Yes, but Vietnamese trains were far slower (in my experience). The night train from Sapa to Hanoi was superb, though. Very plush, very nice.

----------


## MarilynMonroe

^Haha, really? I found the trains in Thailand much slower. The train from Hanoi to Sapa was deathly slow, but then again I took a day train, hard seater that ended up being delayed for three hours at one of the stops. I ended up being bored out of my mind as we couldn't leave the train and I ended up showing some Vietnamese people how to play solitaire. The train wasn't overly fast mind you in Vietnam, but it seemed to slow down quite a bit, and then speed up. It was no bullet train,  but I enjoyed the views and had a sleeper bunk.

----------


## Saint Willy

> I took a day train, hard seater


Jaysus, Mary and Joseph, I am so glad I am not on a backpacker, tight arse, budget again.

----------


## MarilynMonroe

^I took three months off of working to travel at the time, so I didn't have loads of money. I did stay in decent enough places, but not in luxury. It was only my second year living abroad, I didn't have a lot of dosh, but made the trip anyway and enjoyed every minute of it. Spent a lot more time in Thailand than any other country though. Anyway, I'm leavin the forum for awhile. Don't miss me too much, you bundle of negativity.

----------


## Joe 90

Cool pics and thread, thanks for taking the time to share.

----------


## pickel

No need to bore us with your affliction Joe, I'm sure she'd send you private pics of her udders if you just asked her.

----------


## Edmond

Brangelina. 

Bennifer.


Dickza.

Monjoe.

----------


## MarilynMonroe

> Cool pics and thread, thanks for taking the time to share.
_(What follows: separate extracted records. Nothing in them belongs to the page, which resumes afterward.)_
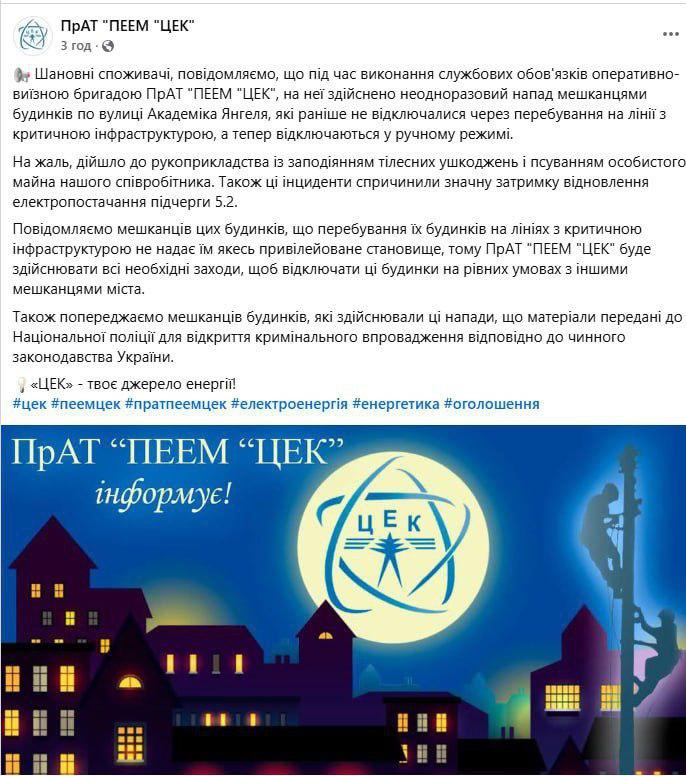 У цих будинках на вулиці Академіка Янгеля раніше завжди було світло, тому що вони знаходяться на одній лінії з критично важливим об'єктом. Тепер їх почали відключати у ручному режимі. що спровокувало бійки з псуванням майна. Через ці бійки не вдається вчасно включати іншу чергу. Справу передано до поліції.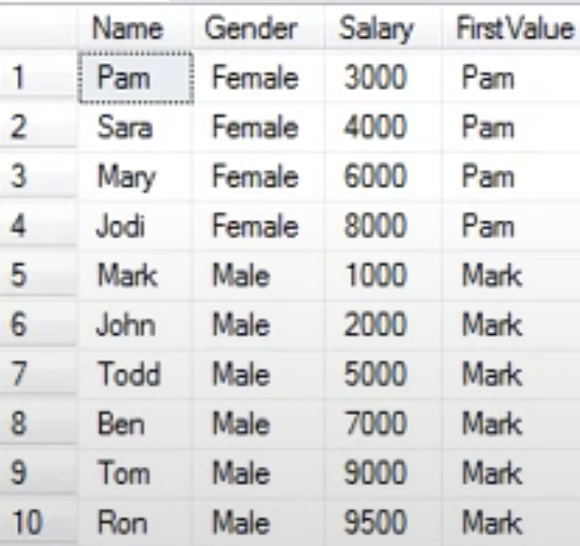 FIRST_VALUE(Name) OVER (PARTITION BY Gender ORDER BY Salary) AS FirstValue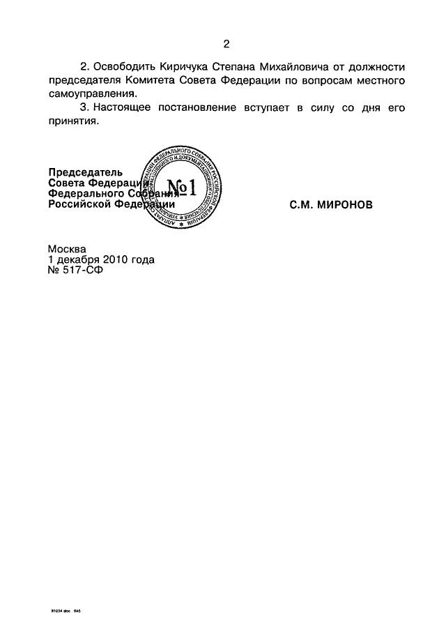 ПОСТАНОВЛЕНИЕ СФ ФС РФ от 01.12.2010 N 517-СФ

Thanks, it was a trip down memory lane for sure, especially when travel is off the table for who knows how long now.  :Wink:

----------


## MarilynMonroe

I just realized I have more pics that I downloaded in Imgur for this thread. I'll pop them on.

Cua Dai Beach which is near Hoi An

It was a beautiful blue sky day and I was told the only beach near Hoi An to swim. It was very relaxing with some locals around, but pretty deserted.








This is before the local kids seem to attack.




Then throngs of people seemed to take over the shelter, shielding them from the sun I gathered.








Locals hanging out







Saw very few people trying to sell things on the beach.. except this sweety.

----------